> Task directions:
The answer must be an exact copy of the lines from the one containing "華雄機械對于常規(guī)產" through the last line of the records, with no pictures.

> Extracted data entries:
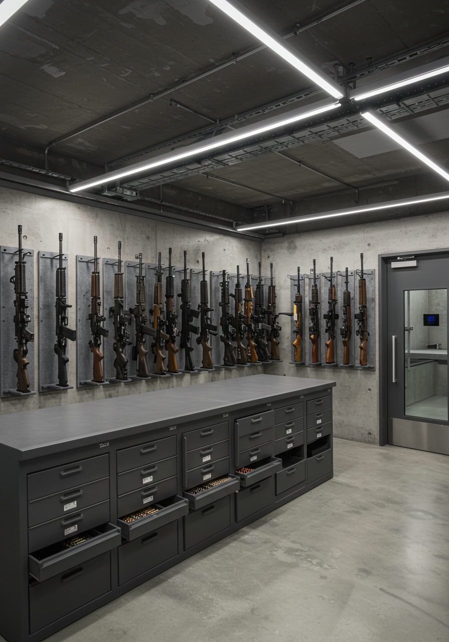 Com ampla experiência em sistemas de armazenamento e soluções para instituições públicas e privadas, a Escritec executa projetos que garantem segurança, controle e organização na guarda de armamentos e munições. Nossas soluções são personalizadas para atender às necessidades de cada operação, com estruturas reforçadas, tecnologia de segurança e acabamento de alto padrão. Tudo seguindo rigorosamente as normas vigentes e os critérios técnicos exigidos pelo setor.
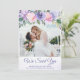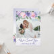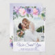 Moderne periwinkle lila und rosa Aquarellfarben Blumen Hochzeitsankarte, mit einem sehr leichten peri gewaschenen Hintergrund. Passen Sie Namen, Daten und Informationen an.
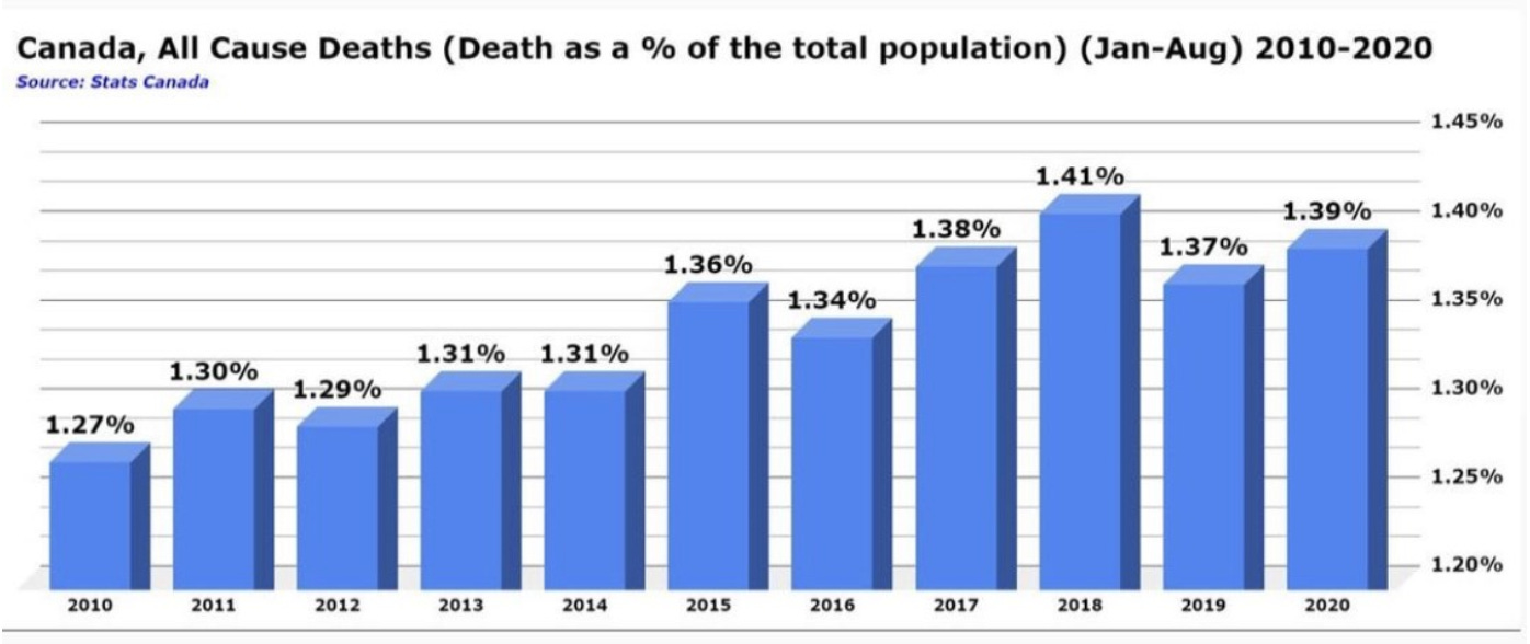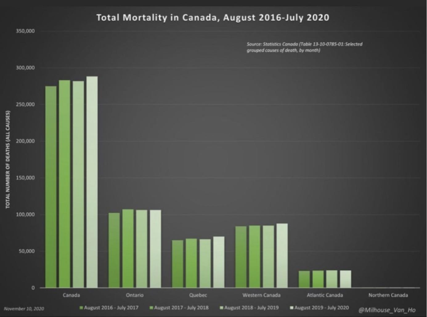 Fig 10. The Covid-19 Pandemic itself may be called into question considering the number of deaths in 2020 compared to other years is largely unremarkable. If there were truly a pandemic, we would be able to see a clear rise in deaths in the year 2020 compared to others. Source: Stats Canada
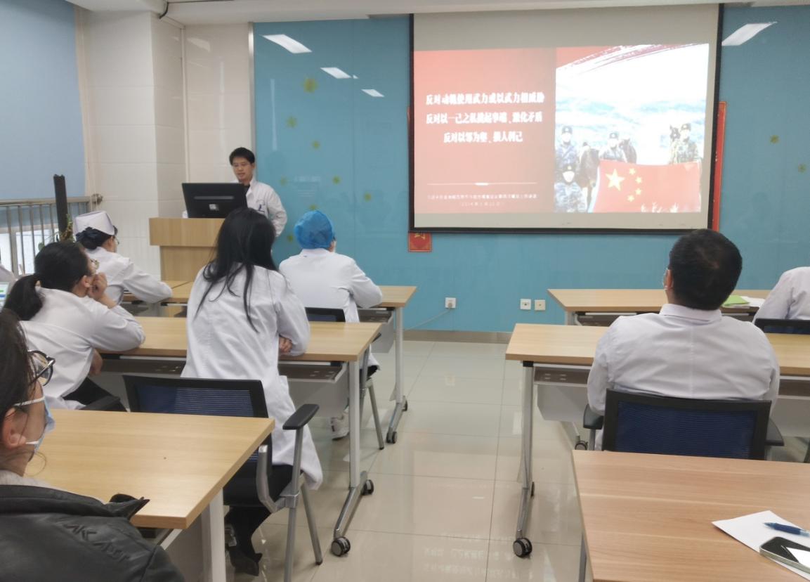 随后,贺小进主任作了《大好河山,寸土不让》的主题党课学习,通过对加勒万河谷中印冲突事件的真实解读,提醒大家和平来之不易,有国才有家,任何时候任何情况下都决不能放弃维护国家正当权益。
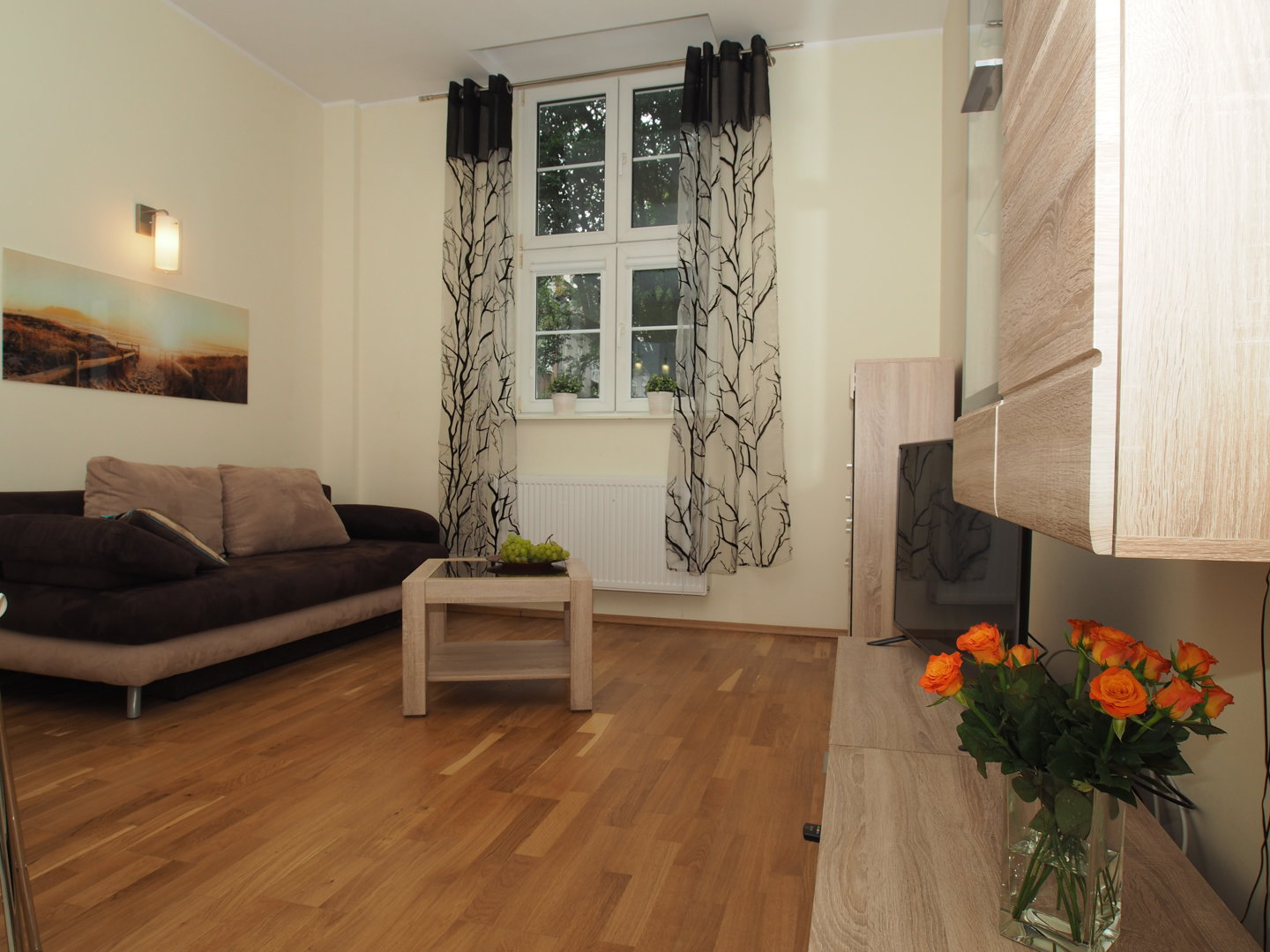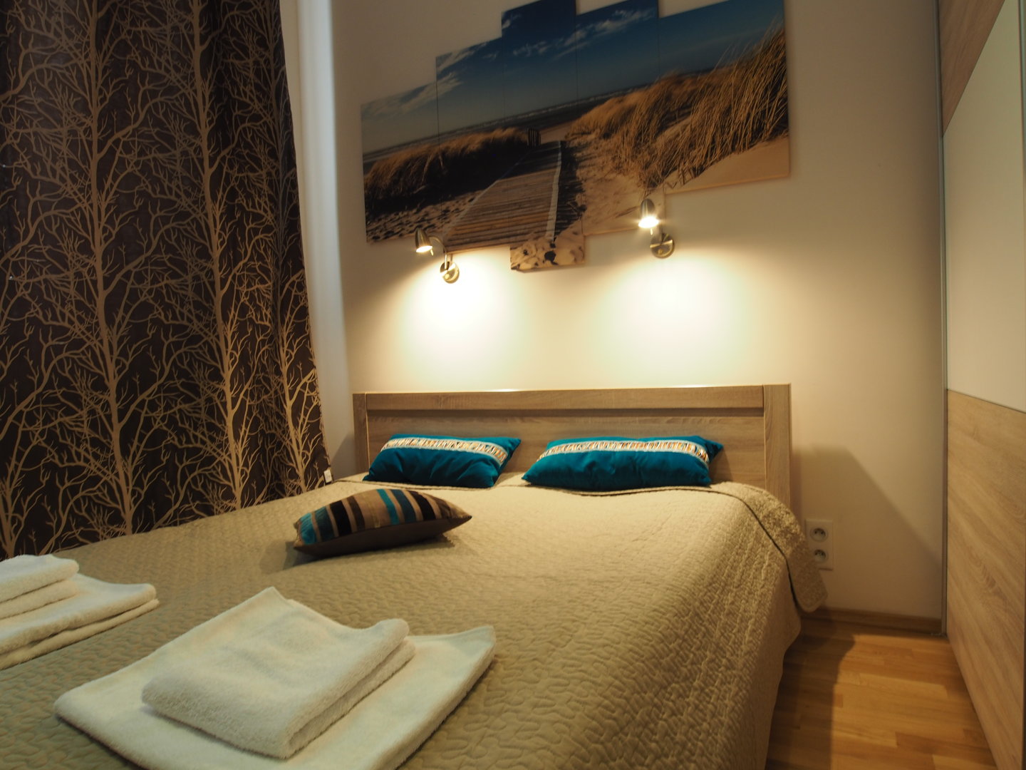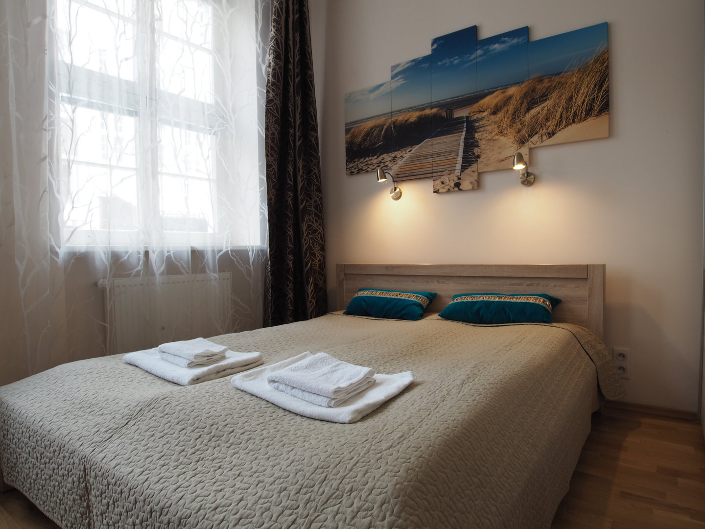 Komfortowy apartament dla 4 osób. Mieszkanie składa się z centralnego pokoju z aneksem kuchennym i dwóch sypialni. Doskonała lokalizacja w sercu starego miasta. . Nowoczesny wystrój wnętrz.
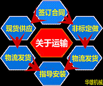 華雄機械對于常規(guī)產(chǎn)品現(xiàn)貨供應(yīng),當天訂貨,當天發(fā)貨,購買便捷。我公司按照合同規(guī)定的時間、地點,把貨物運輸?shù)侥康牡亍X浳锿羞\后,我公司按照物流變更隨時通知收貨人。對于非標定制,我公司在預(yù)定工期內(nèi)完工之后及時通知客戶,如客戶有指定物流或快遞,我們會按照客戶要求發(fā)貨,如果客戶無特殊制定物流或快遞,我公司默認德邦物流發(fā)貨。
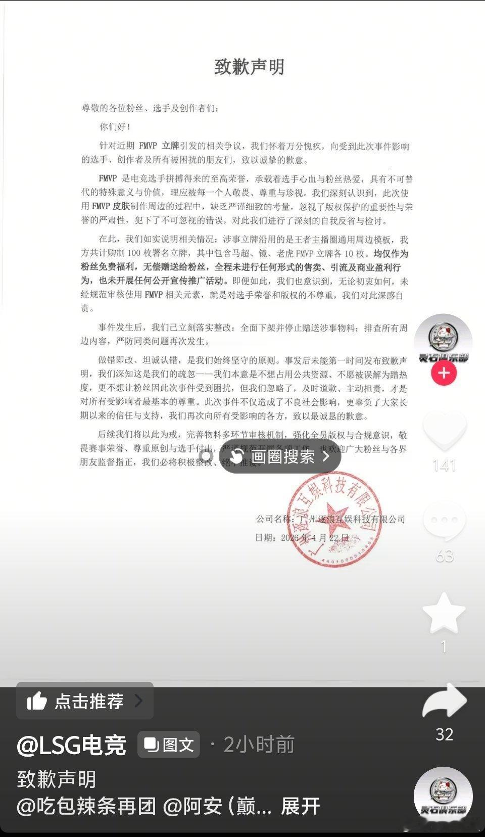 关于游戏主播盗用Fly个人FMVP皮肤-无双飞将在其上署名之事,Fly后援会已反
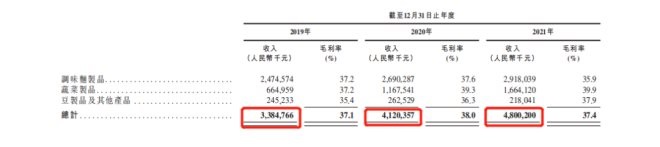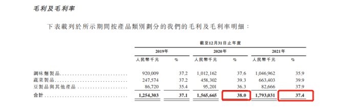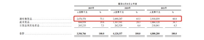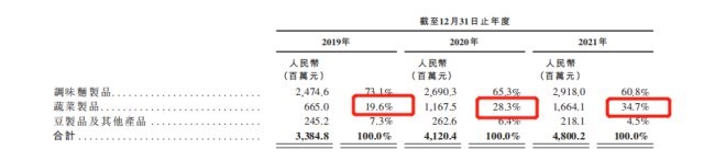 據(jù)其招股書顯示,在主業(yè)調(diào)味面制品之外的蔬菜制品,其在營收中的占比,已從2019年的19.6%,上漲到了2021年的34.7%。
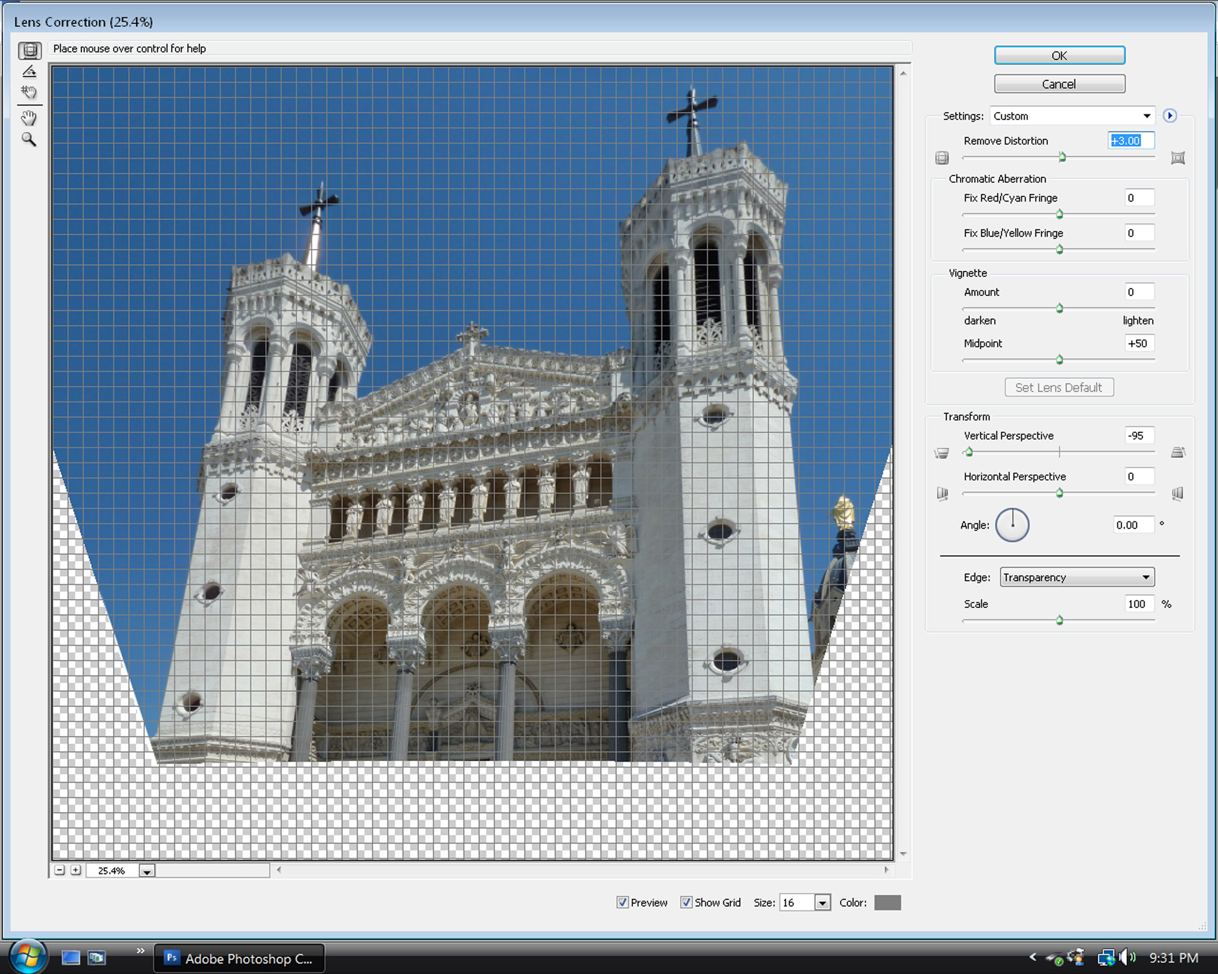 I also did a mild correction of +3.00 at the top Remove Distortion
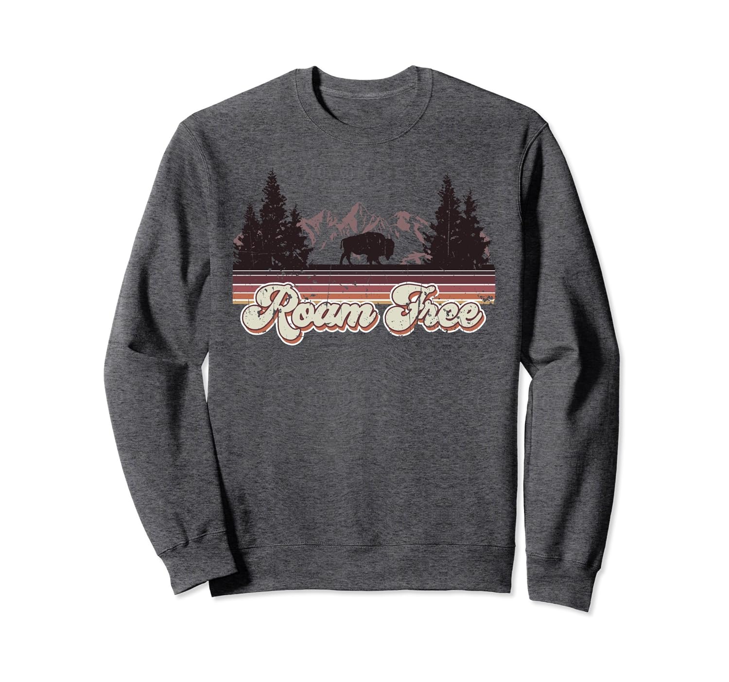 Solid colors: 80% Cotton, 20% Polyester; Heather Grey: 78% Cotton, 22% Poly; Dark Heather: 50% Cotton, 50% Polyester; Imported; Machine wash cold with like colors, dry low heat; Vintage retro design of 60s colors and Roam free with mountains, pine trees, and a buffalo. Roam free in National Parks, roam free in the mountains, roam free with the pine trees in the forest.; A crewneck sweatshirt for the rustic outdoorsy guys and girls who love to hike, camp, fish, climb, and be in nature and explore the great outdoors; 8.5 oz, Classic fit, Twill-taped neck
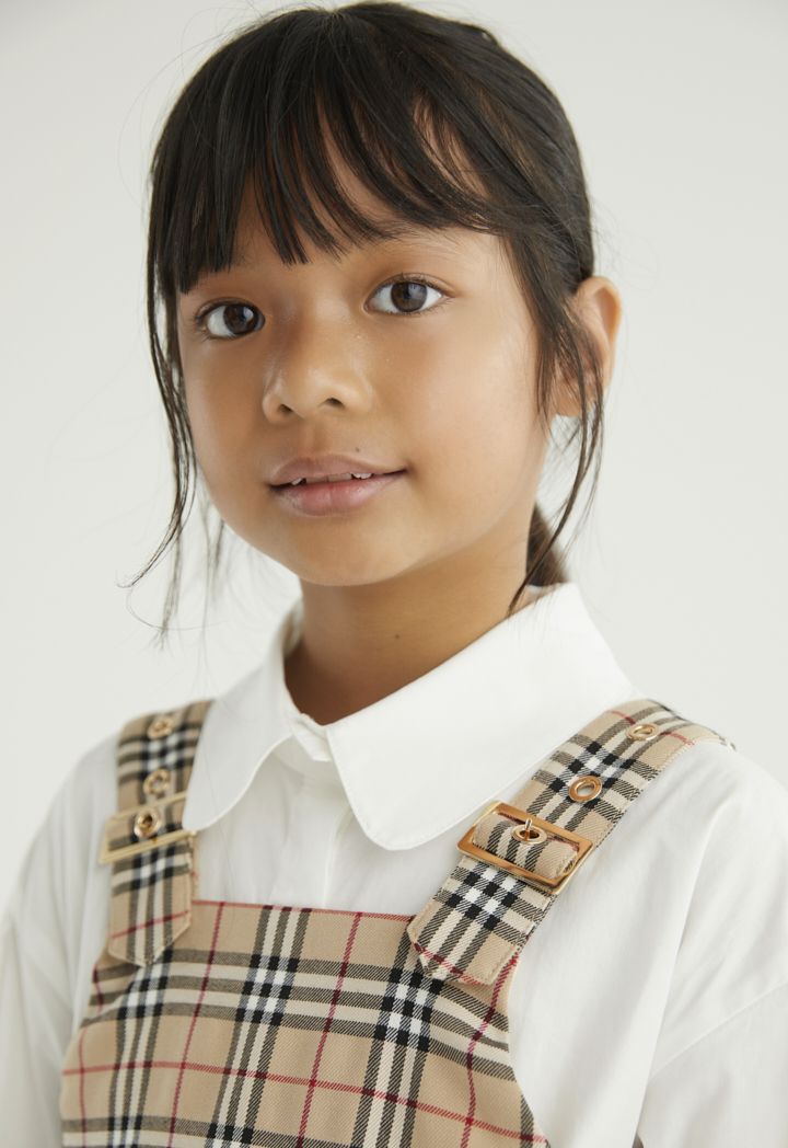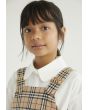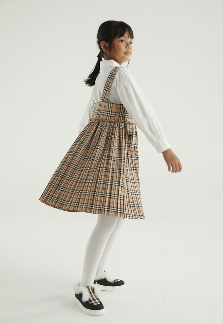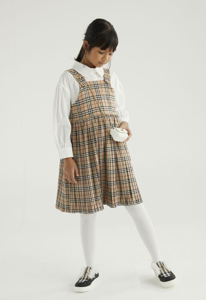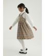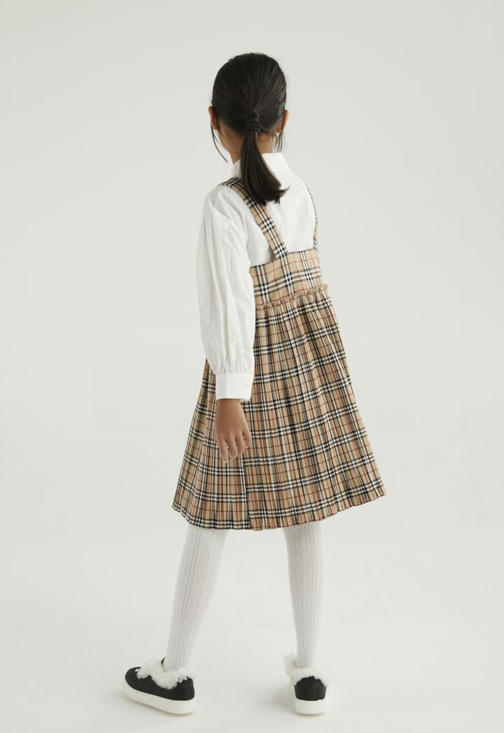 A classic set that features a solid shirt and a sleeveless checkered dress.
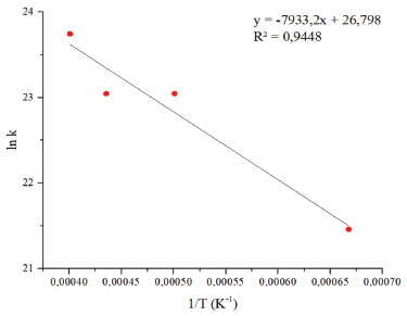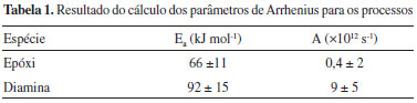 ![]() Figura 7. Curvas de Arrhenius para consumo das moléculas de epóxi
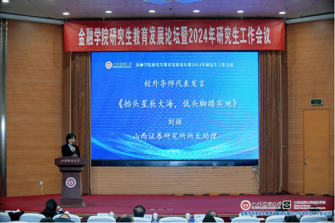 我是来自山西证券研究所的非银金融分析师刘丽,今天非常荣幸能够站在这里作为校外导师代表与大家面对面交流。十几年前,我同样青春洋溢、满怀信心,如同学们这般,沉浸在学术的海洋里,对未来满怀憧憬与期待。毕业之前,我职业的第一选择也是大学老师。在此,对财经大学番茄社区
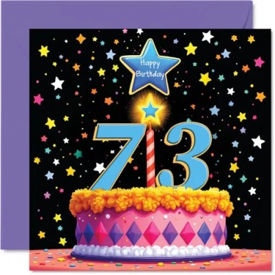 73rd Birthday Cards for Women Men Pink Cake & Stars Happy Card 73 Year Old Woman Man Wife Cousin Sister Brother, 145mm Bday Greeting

> Response to the exercise:
 華雄機械對于常規(guī)產(chǎn)品現(xiàn)貨供應(yīng),當天訂貨,當天發(fā)貨,購買便捷。我公司按照合同規(guī)定的時間、地點,把貨物運輸?shù)侥康牡亍X浳锿羞\后,我公司按照物流變更隨時通知收貨人。對于非標定制,我公司在預(yù)定工期內(nèi)完工之后及時通知客戶,如客戶有指定物流或快遞,我們會按照客戶要求發(fā)貨,如果客戶無特殊制定物流或快遞,我公司默認德邦物流發(fā)貨。
 关于游戏主播盗用Fly个人FMVP皮肤-无双飞将在其上署名之事,Fly后援会已反
 據(jù)其招股書顯示,在主業(yè)調(diào)味面制品之外的蔬菜制品,其在營收中的占比,已從2019年的19.6%,上漲到了2021年的34.7%。
 I also did a mild correction of +3.00 at the top Remove Distortion
 Solid colors: 80% Cotton, 20% Polyester; Heather Grey: 78% Cotton, 22% Poly; Dark Heather: 50% Cotton, 50% Polyester; Imported; Machine wash cold with like colors, dry low heat; Vintage retro design of 60s colors and Roam free with mountains, pine trees, and a buffalo. Roam free in National Parks, roam free in the mountains, roam free with the pine trees in the forest.; A crewneck sweatshirt for the rustic outdoorsy guys and girls who love to hike, camp, fish, climb, and be in nature and explore the great outdoors; 8.5 oz, Classic fit, Twill-taped neck
 A classic set that features a solid shirt and a sleeveless checkered dress.
 ![]() Figura 7. Curvas de Arrhenius para consumo das moléculas de epóxi
 我是来自山西证券研究所的非银金融分析师刘丽,今天非常荣幸能够站在这里作为校外导师代表与大家面对面交流。十几年前,我同样青春洋溢、满怀信心,如同学们这般,沉浸在学术的海洋里,对未来满怀憧憬与期待。毕业之前,我职业的第一选择也是大学老师。在此,对财经大学番茄社区
 73rd Birthday Cards for Women Men Pink Cake & Stars Happy Card 73 Year Old Woman Man Wife Cousin Sister Brother, 145mm Bday Greeting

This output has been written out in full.